I did not spend time reasoning about the other associations, but if we 
agree on a composition-driven approach (every specification adds, does 
not overload) rather than a bare inheritance-driven approach (every 
specification overloads associations) I see no problem whatsoever. We're 
still fully consistent with the model, everything works as expected.
...
...
In LDAP, I would scope the search for endpoints starting from the
ComputingService,
You can do that if you have chosen one specific ComputingService, but
in your own example of a delegation endpoint which could serve
computing or others kind of service, the current definition lets you
search for all the endpoints which serve computing services but not
the others.
Yes I understand what you mean. But what if I have a delegation endpoint 
that can be used both for computing and for storage? should I replicate 
such an endpoint in a ComputingService and in a StorageService? an in 
that case the same delegation endpoint would be a ComputingEndpoint and 
a StorageEndpoint, two different IDs. but in the end is the same endpoint!
How to express is the same endpoint? same ID? but then the record would 
have different objectclasses and associations... It's kinda bad to have 
differen records with the same ID.

I would rather call it Endpoint, add associations pointing to both the 
StorageService and ComputingService it serves, give it the same ID and 
place it in both Computing and Storage services.
...
...
but then give me something to relate a local information service
and its endpoints (some OpenLDAP service), or an independent
delegation Service to the box where the ComputingService is,
otherwise I run the
As I already said, I think an information endpoint should be a
separate Service. For a delegation service I can't say, it would
depend on how closely it's bound to the computing service and what
the use cases are.
...
risk of quering twice the information system(s) for no reason, and
submit jobs twice to the same endpoint because I cannot
distinguish between them.
Queries are normally very lightweight compared with real service
interactions like job submission, unless you're doing a very large
number of them - querying twice is not a problem. Being able to
recognise that you have the same Endpoint multiple times obviously is
important, but I don't see why it would be difficult to recognise
duplicates.
querying twice is a problem on big numbers. say I have 20 information 
endpoints and 40 submission endpoints in an index, such as EMIR, in 
which every Endpoint record has also the Service.ID of the Service the 
endpoint belongs to.

A client retrieves all the 60 of them. Then, it might want to query 
information endpoints to scan for submission endpoints.

Scenario 1)
I have Endpoints and ComputingEndpoints in a ComputingService.

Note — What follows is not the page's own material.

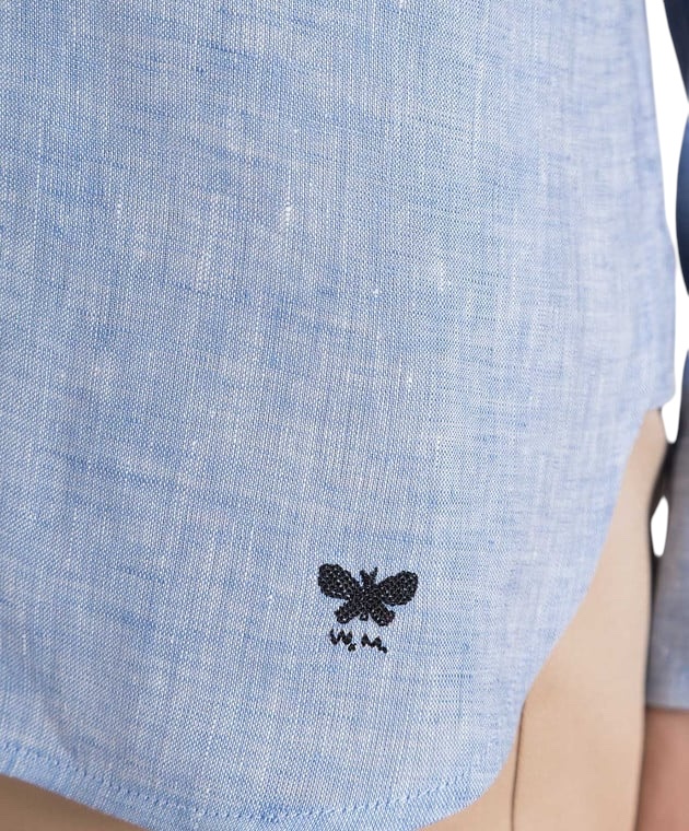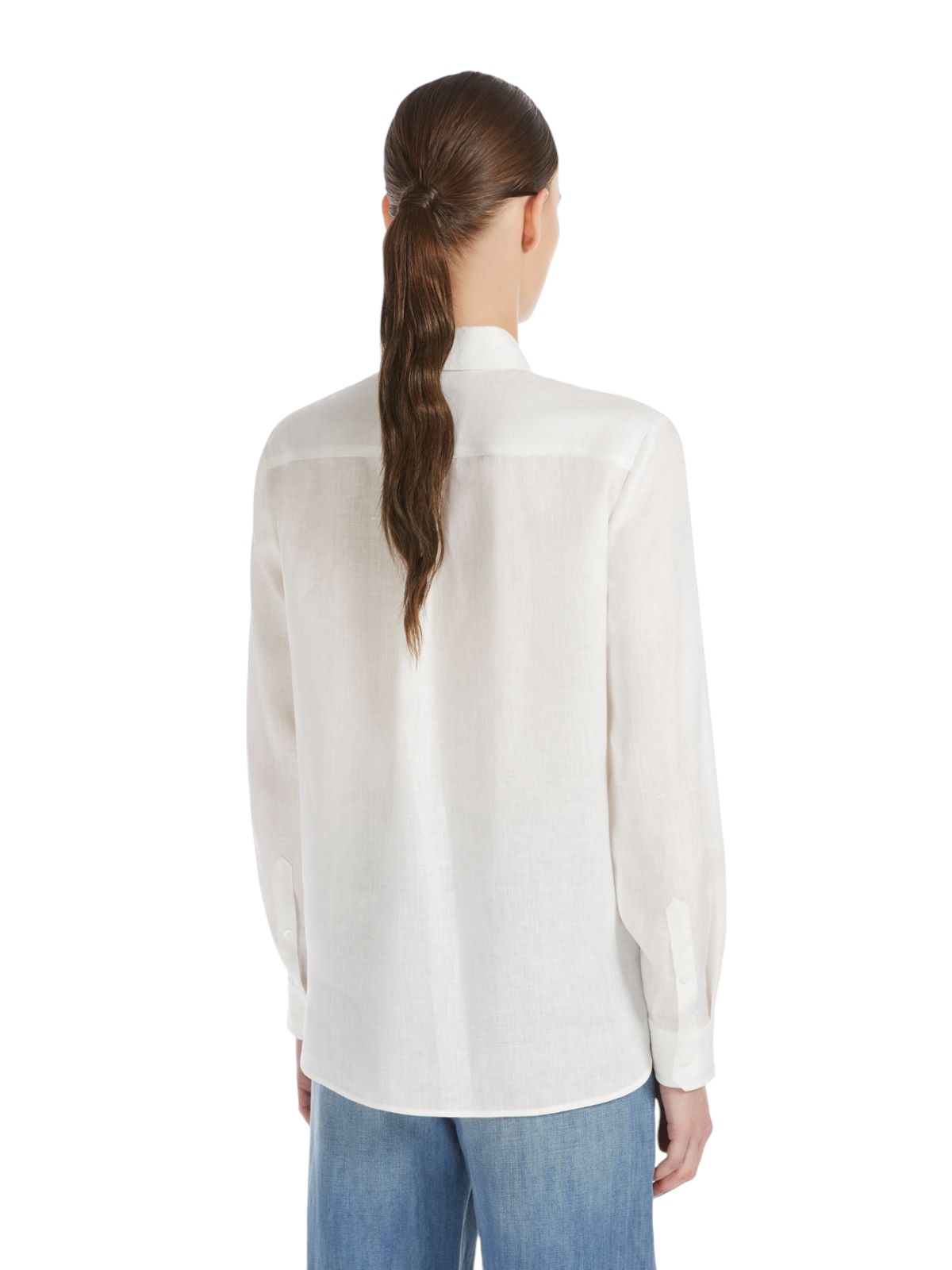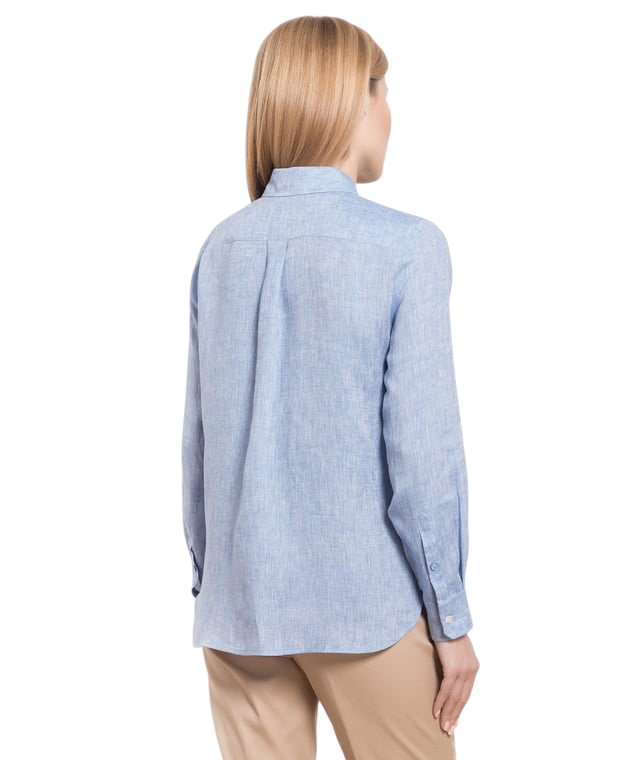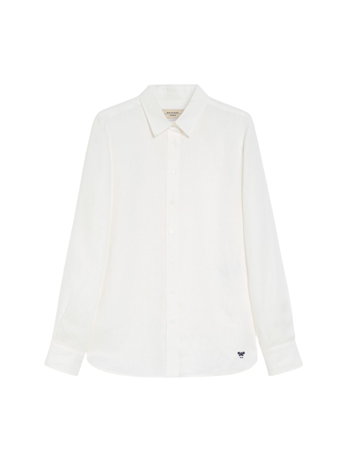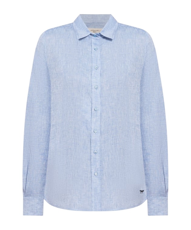 Camicia in puro lino, caratterizzata da una silhouette classica con fondo stondato. Colletto a punta, maniche lunghe con polsini, taglio sprone sul retro e piega centrale sulla schiena. Personalizzata con logo ricamato a fondo capo, lato sinistro indossato. Chiusura con bottoni a vista in tono.

I'll make it easy here. A single box might have more than one 
information/submission endpoint, that means  deciding which 
information/submission endpoints belonging to the same box one doesn't 
want to query. So, let's simplify the scenario and suppose submission 
endpoints belong to different boxes and information endopoints belong to 
different boxes.

BUT there might be information endpoints on the same box of at least one 
submission endpoint.

Then, since Endpoints and ComputingEndpoints are in the same 
ComputingService, IF the information endpoint has the same Service.ID of 
a submission endpoint, the client might decide not to query it.

Operation cost: one comparison for each information endpoint and 
submission endpoint at most, 20*40 = 800 ops

Scenario 2) Different services,
Endpoints in a Information Service and ComputingEndpoints in a 
ComputingService.

We then have different Service.IDs for each endpoint, because 
information endpoints belong to different services than submission 
endpoints.

The client cannot know which relationship exists between services, and 
then it must query information endpoints.

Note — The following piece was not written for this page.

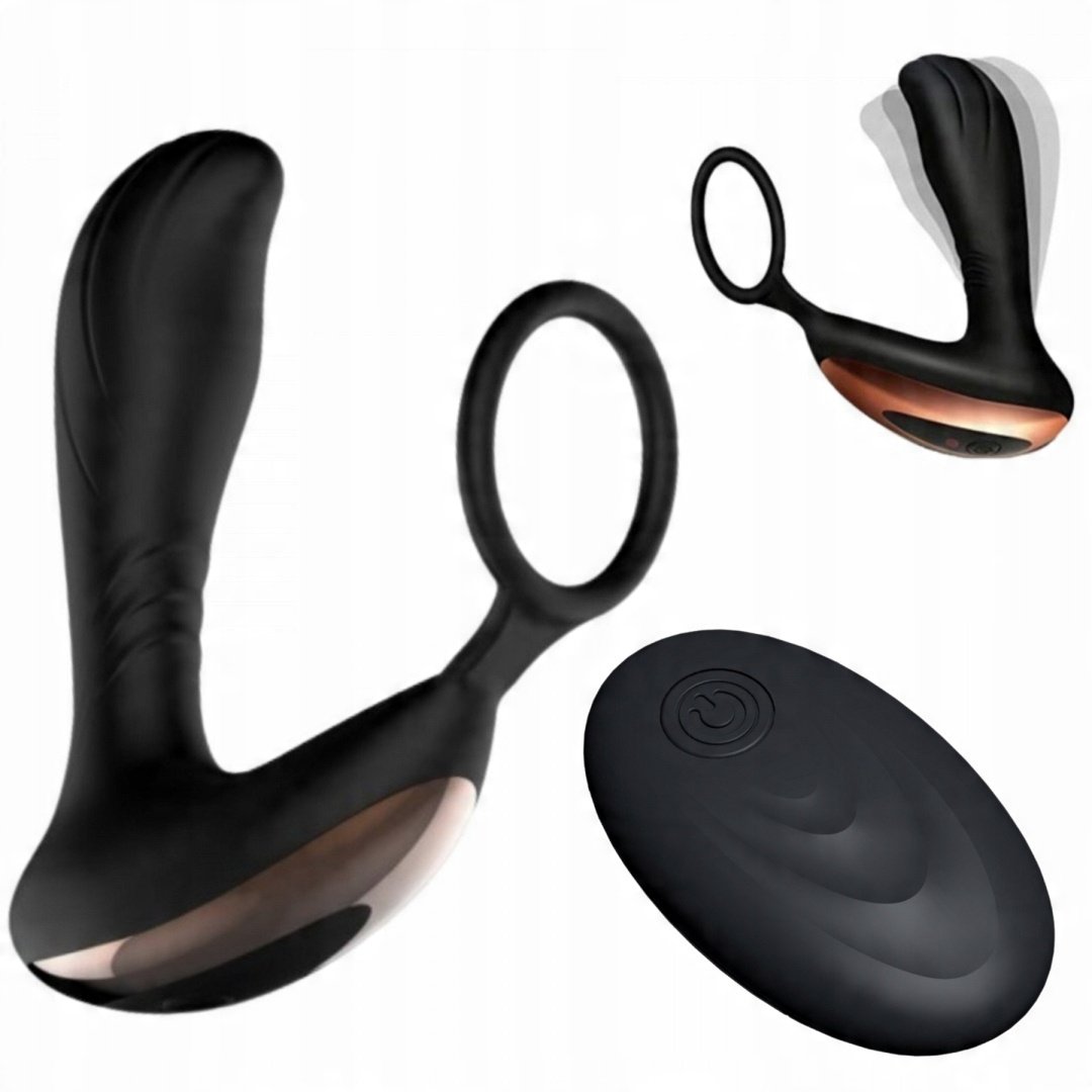 MASAŻER PROSTATY Z BEZPRZEWODOWYM PILOTEM ORAZ PIERŚCIENIEM NA JĄDRA

Suppose every information endpoint outputs 10 submission endpoints, some 
registered to the index (i.e. belonging to the set of 40 taken from the 
index) and some not (i.e. not in those 40 present in the index), ~200 
endpoints.

As said, since there is no information on how information and submission 
endpoints are coupled, I need to scan the information endpoints as I can 
gather more submission endpoints there. A client cannot just suppose 
that all the useful submission endpoints are in the index.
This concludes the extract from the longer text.